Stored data
*** Block opens ***

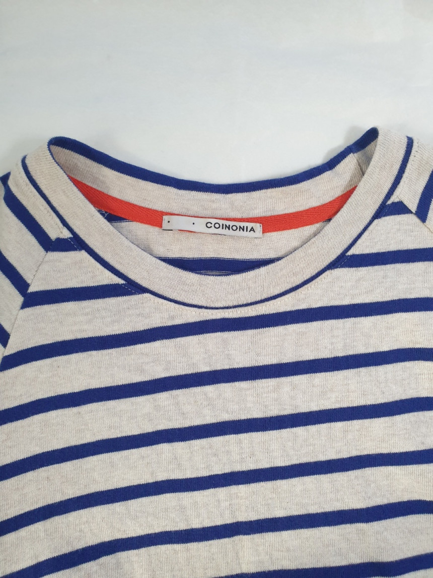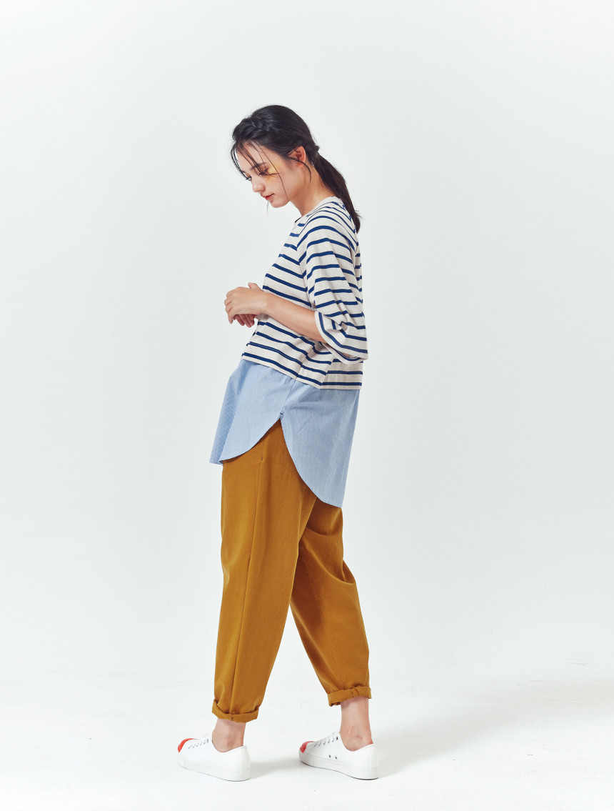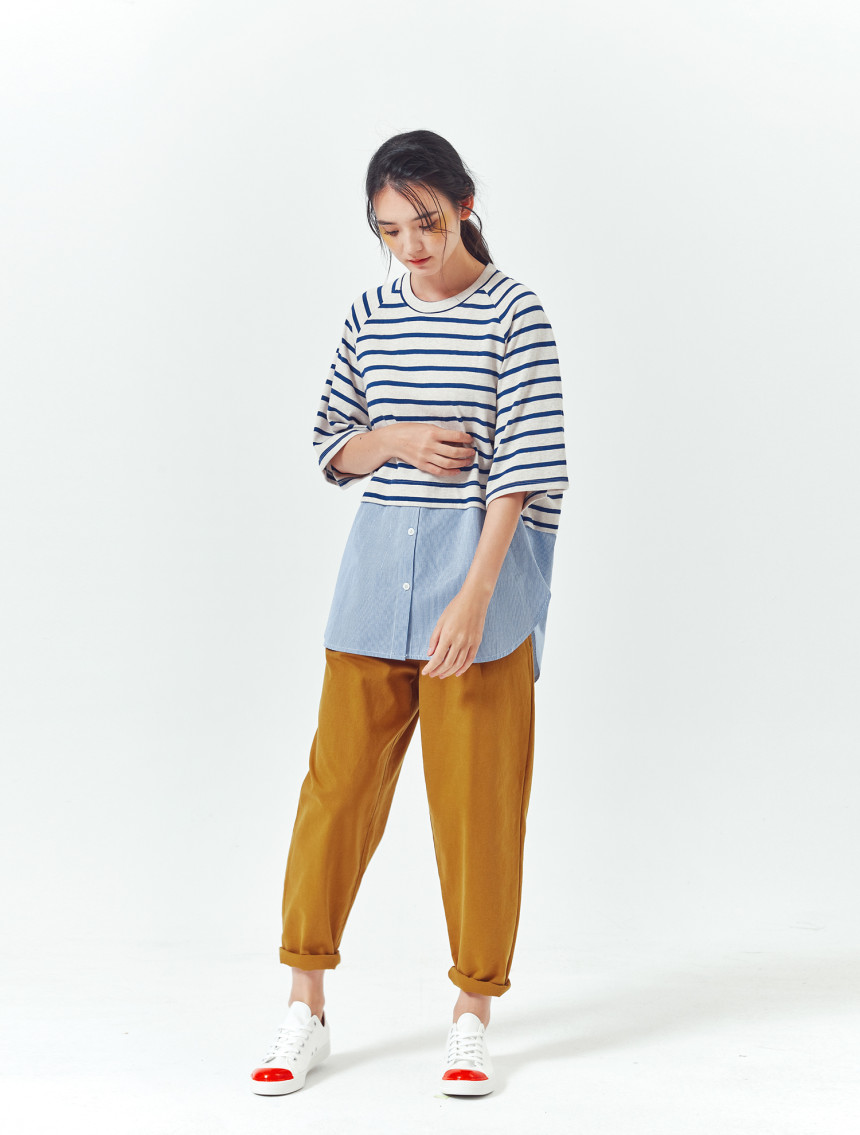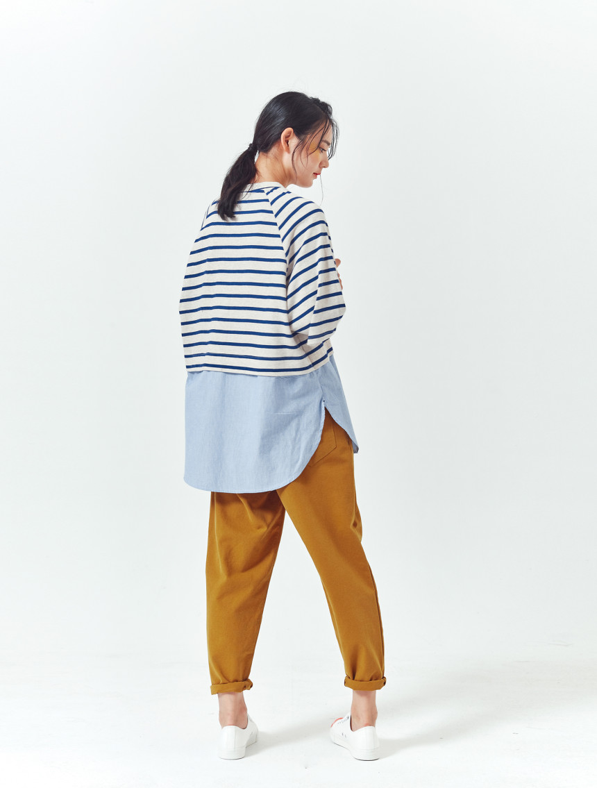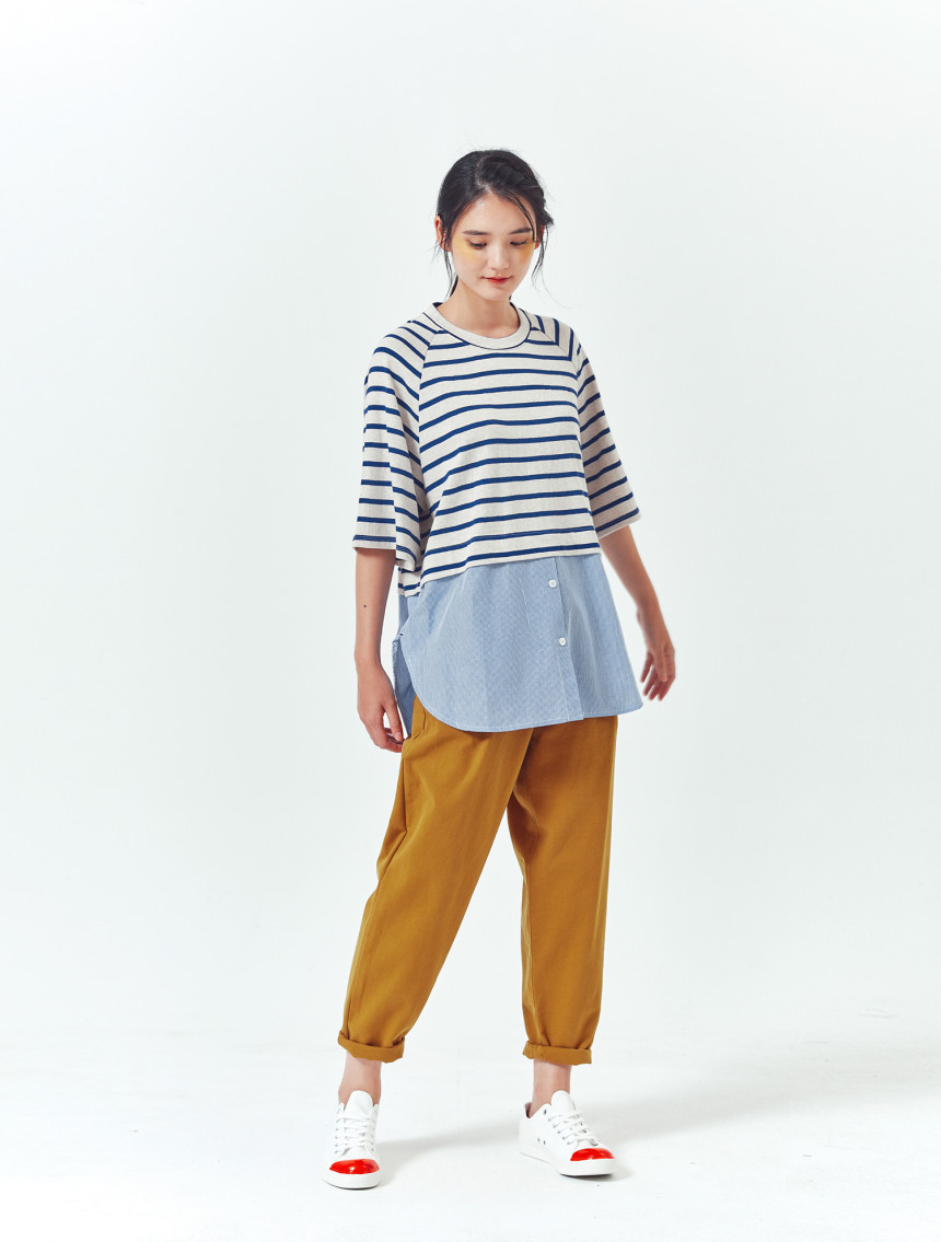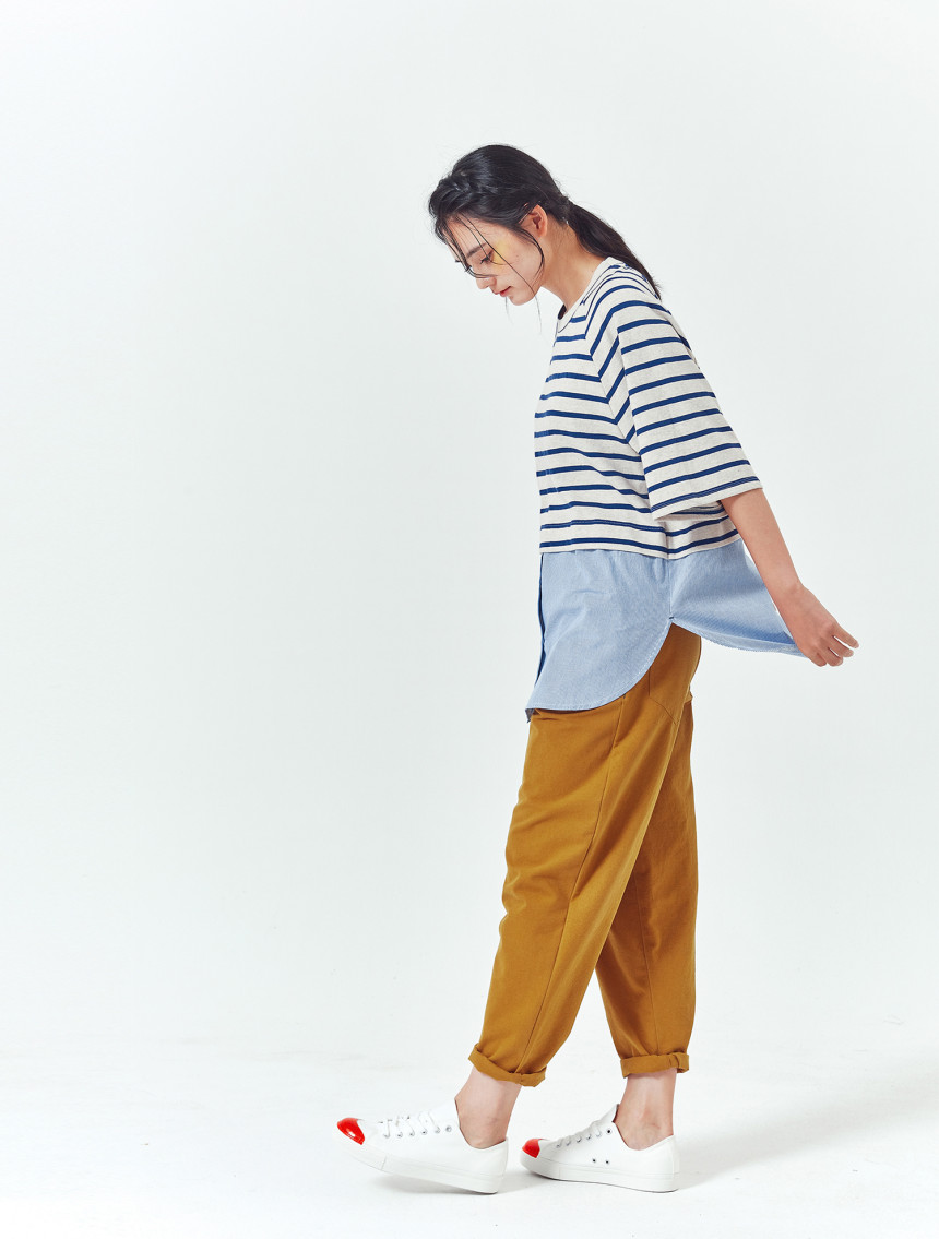 티셔츠와 버튼셔츠의 연결 부분도 한번 접어 봉제되어서 밋밋하지 않고 마치 레이어드룩을 입은 느낌을 줍니다.
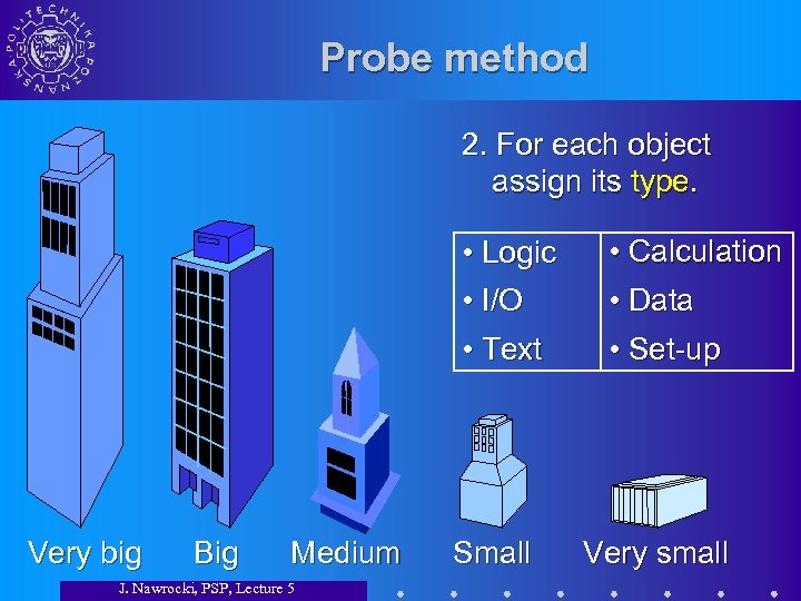 Probe method 2. For each object assign its type. • Logic • I/O • Text Very big Big Medium J. Nawrocki, PSP, Lecture 5 • Calculation • Data • Set-up Small Very small
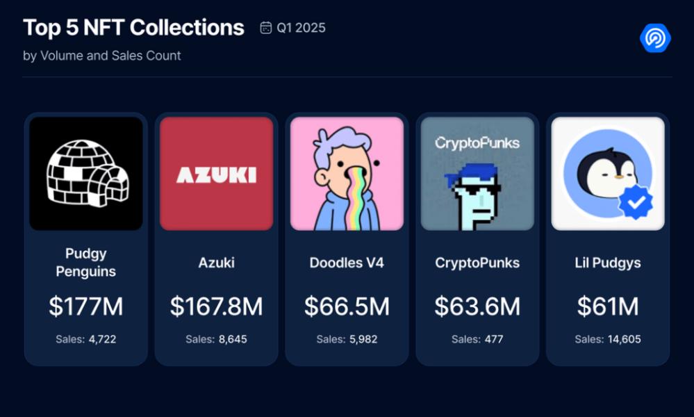 Среди коллекций по итогам квартала в лидерах оказались: Pudgy Penguins, Azuki, Doodles, CryptoPunks и Lil Pudgy.
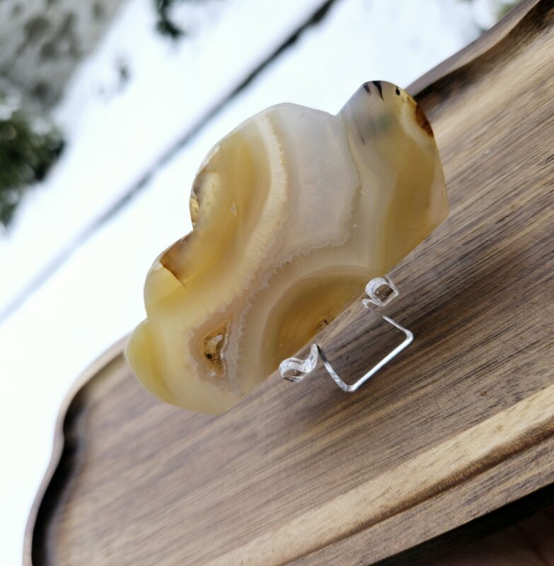 Jemná kresba achátu v svetlých krémových tónoch prechádza do trblietavého kryštálového jadra s teplými hnedými odleskami. Tento výrazný kúsok pôsobí elegantne a prirodzene zároveň – ako malý umelecký detail vytvorený prírodou. Zlatý stojan krásne podčiarkuje jeho jedinečnosť.
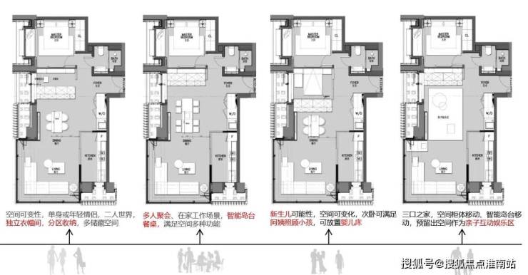 自由灵活平面下的超前创新户型,移门移动柜创造出的可变次卧,适应了不同时间段的家庭结构(派对模式、二人世界、三口之家)和相应的生活场景。
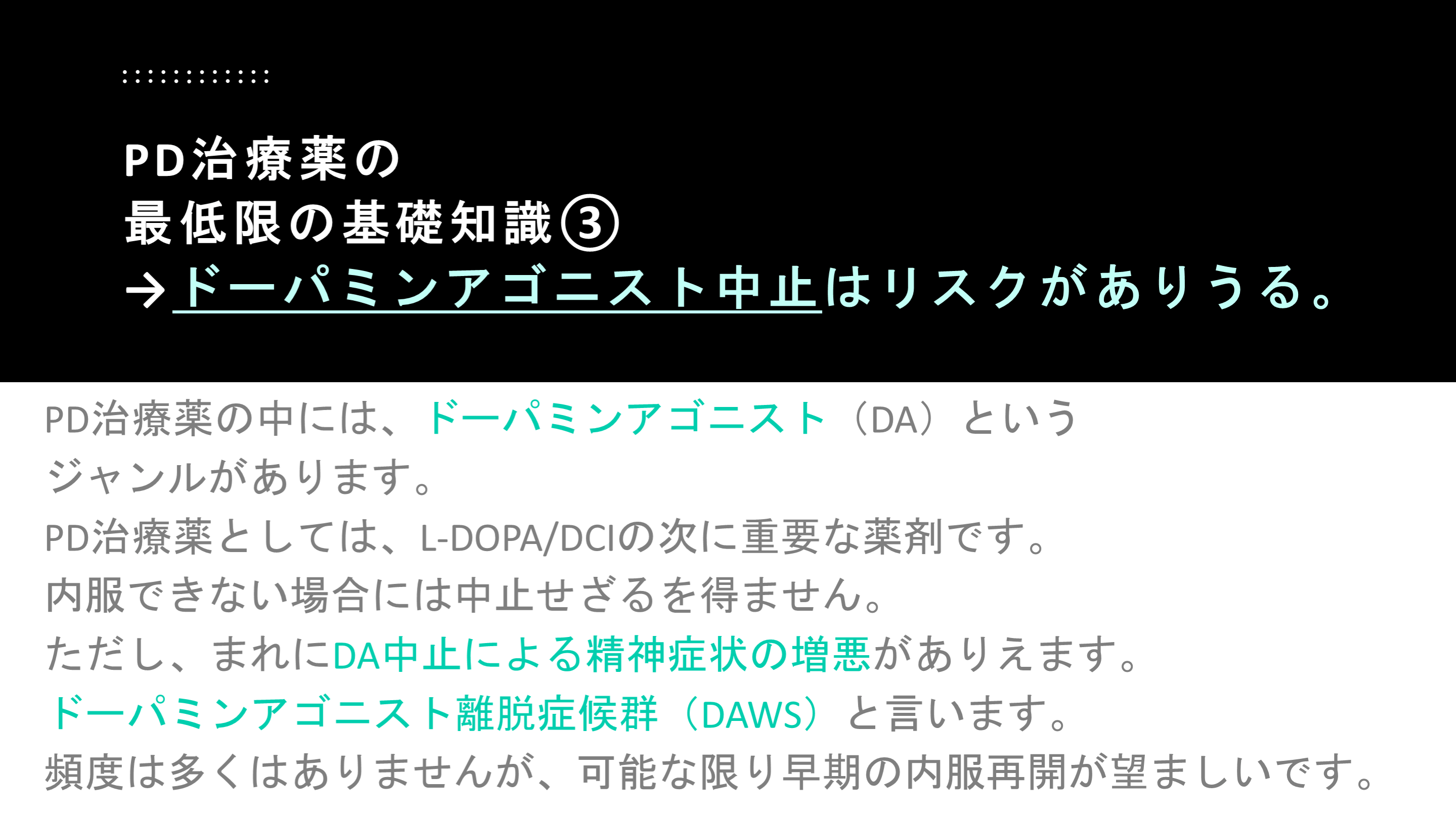 →ドーパミンアゴニスト中止はリスクがありうる。
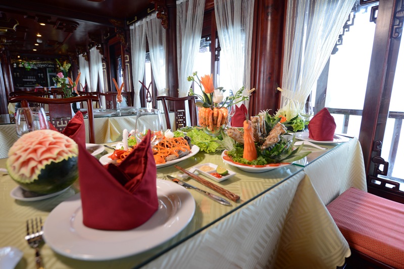 Meals onboard are fusion: Vietnamese, seafood menu... Guests should advise of vegetarian or allergic foods at least one (1) day prior to the cruise date.Alternity foods will be prepared
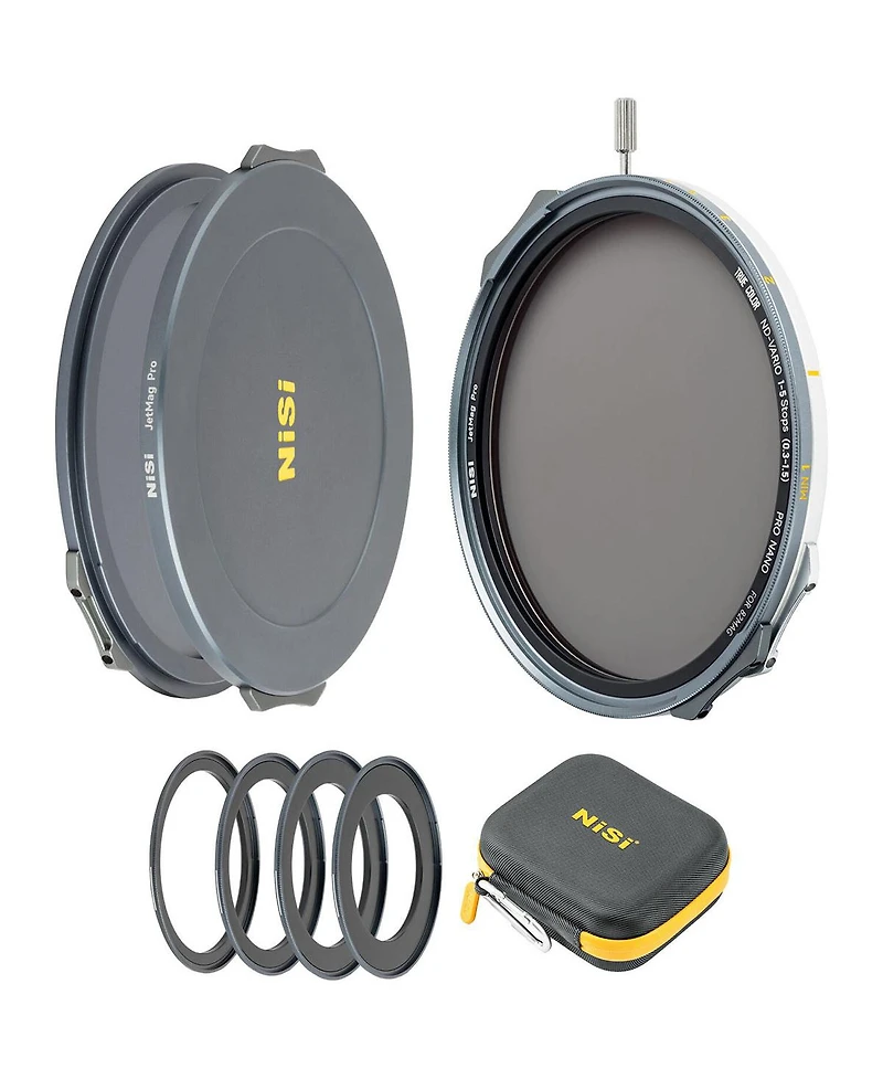 The NiSi JetMag Pro Vnd Flex Kit is a complete, high-performance variable Nd solution for creators who shoot across multiple lenses. Featuring NiSi's industry-leading True Color Nd-vario Pro Nano technology and the intuitive JetMag Pro magnetic mounting system, this kit includes everything you need to achieve fast, accurate light control-no matter what lens you're using.Built around the 1-5 stop (ND2-ND32) JetMag Pro Variable ND, the Flex Kit adds magnetic adapter rings for 67mm, 72mm, 77mm, and 82mm lens threads, plus front and rear magnetic caps and a padded caddy pouch for safe storage and quick access in the field. Whether you're filming on a gimbal or switching lenses on the fly, this all-in-one setup ensures you're always ready.True Color Accuracy with No CompromiseSay goodbye to unwanted color shifts. NiSi's True Color technology ensures neutral, color-accurate results, preserving consistent tones across the full ND range.

*** Block closes ***

» The problem:
Start at the first line and set down all of the data exactly, passing over the pictures.

» Answer section:
 티셔츠와 버튼셔츠의 연결 부분도 한번 접어 봉제되어서 밋밋하지 않고 마치 레이어드룩을 입은 느낌을 줍니다.
 Probe method 2. For each object assign its type. • Logic • I/O • Text Very big Big Medium J. Nawrocki, PSP, Lecture 5 • Calculation • Data • Set-up Small Very small
 Среди коллекций по итогам квартала в лидерах оказались: Pudgy Penguins, Azuki, Doodles, CryptoPunks и Lil Pudgy.
 Jemná kresba achátu v svetlých krémových tónoch prechádza do trblietavého kryštálového jadra s teplými hnedými odleskami. Tento výrazný kúsok pôsobí elegantne a prirodzene zároveň – ako malý umelecký detail vytvorený prírodou. Zlatý stojan krásne podčiarkuje jeho jedinečnosť.
 自由灵活平面下的超前创新户型,移门移动柜创造出的可变次卧,适应了不同时间段的家庭结构(派对模式、二人世界、三口之家)和相应的生活场景。
 →ドーパミンアゴニスト中止はリスクがありうる。
 Meals onboard are fusion: Vietnamese, seafood menu... Guests should advise of vegetarian or allergic foods at least one (1) day prior to the cruise date.Alternity foods will be prepared
 The NiSi JetMag Pro Vnd Flex Kit is a complete, high-performance variable Nd solution for creators who shoot across multiple lenses. Featuring NiSi's industry-leading True Color Nd-vario Pro Nano technology and the intuitive JetMag Pro magnetic mounting system, this kit includes everything you need to achieve fast, accurate light control-no matter what lens you're using.Built around the 1-5 stop (ND2-ND32) JetMag Pro Variable ND, the Flex Kit adds magnetic adapter rings for 67mm, 72mm, 77mm, and 82mm lens threads, plus front and rear magnetic caps and a padded caddy pouch for safe storage and quick access in the field. Whether you're filming on a gimbal or switching lenses on the fly, this all-in-one setup ensures you're always ready.True Color Accuracy with No CompromiseSay goodbye to unwanted color shifts. NiSi's True Color technology ensures neutral, color-accurate results, preserving consistent tones across the full ND range.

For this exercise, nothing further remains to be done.